[INPUT RECORDS]
◇ ◇ ◇

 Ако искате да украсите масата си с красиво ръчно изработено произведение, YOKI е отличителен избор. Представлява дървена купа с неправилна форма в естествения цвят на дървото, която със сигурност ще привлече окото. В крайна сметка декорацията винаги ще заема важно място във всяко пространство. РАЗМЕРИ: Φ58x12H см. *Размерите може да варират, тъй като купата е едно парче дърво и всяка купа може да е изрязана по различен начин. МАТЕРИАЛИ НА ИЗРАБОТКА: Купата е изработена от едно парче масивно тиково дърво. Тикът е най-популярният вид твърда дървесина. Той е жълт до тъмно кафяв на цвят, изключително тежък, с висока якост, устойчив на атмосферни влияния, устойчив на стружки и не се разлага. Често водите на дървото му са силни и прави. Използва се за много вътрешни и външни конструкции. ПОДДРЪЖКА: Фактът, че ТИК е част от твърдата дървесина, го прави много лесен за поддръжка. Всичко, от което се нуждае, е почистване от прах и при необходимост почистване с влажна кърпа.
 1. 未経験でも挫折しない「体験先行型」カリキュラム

◇ ◇ ◇

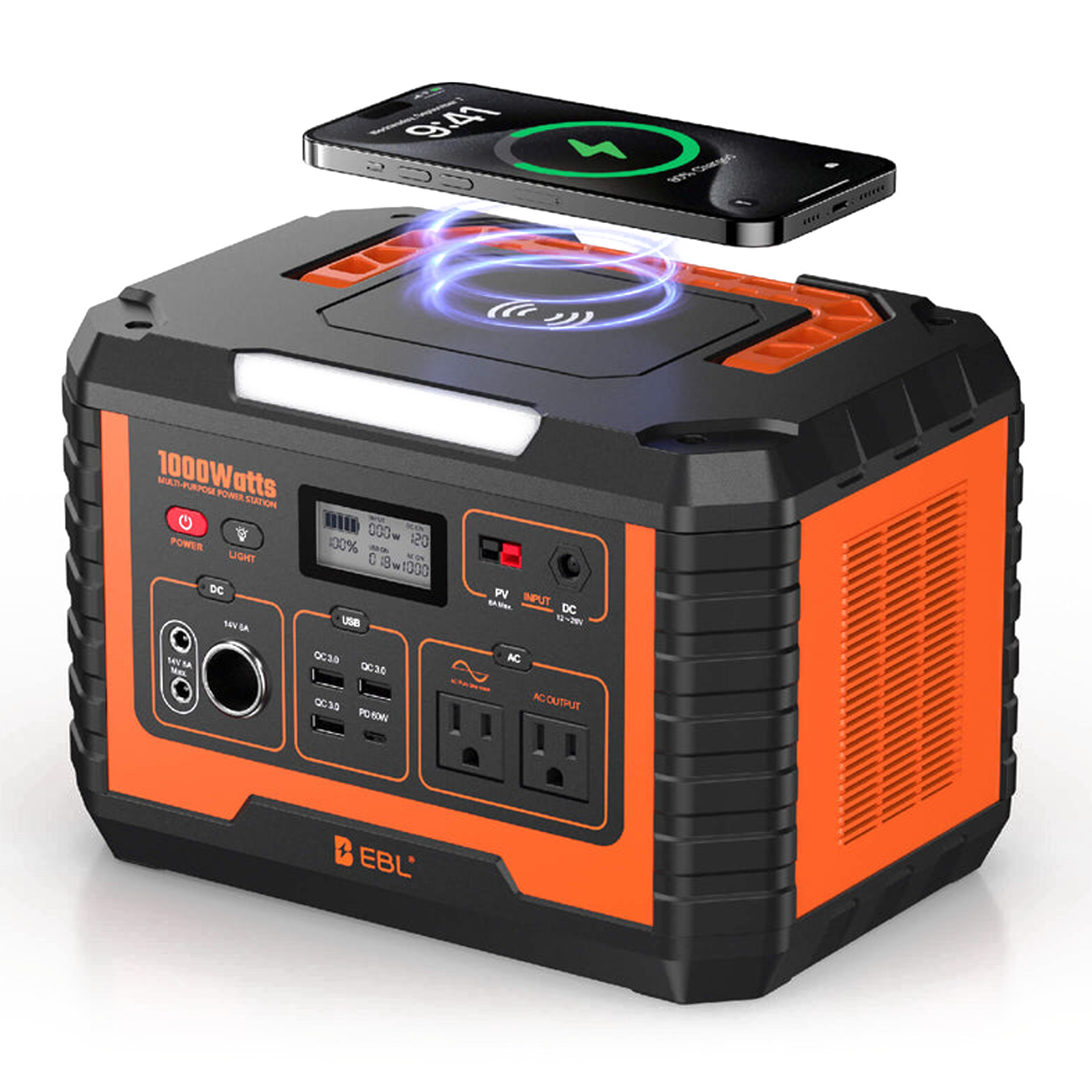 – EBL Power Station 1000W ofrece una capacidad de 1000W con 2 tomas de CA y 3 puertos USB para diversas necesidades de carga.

◇ ◇ ◇

[WHAT IS NEEDED]
The lines above from the one containing "Ако искате да" through the one containing "1. 未経験でも挫折しない「体験先行型」カリキュラム" are to be set down exactly, and no others.

[EXERCISE ANSWER]
 Ако искате да украсите масата си с красиво ръчно изработено произведение, YOKI е отличителен избор. Представлява дървена купа с неправилна форма в естествения цвят на дървото, която със сигурност ще привлече окото. В крайна сметка декорацията винаги ще заема важно място във всяко пространство. РАЗМЕРИ: Φ58x12H см. *Размерите може да варират, тъй като купата е едно парче дърво и всяка купа може да е изрязана по различен начин. МАТЕРИАЛИ НА ИЗРАБОТКА: Купата е изработена от едно парче масивно тиково дърво. Тикът е най-популярният вид твърда дървесина. Той е жълт до тъмно кафяв на цвят, изключително тежък, с висока якост, устойчив на атмосферни влияния, устойчив на стружки и не се разлага. Често водите на дървото му са силни и прави. Използва се за много вътрешни и външни конструкции. ПОДДРЪЖКА: Фактът, че ТИК е част от твърдата дървесина, го прави много лесен за поддръжка. Всичко, от което се нуждае, е почистване от прах и при необходимост почистване с влажна кърпа.
 1. 未経験でも挫折しない「体験先行型」カリキュラム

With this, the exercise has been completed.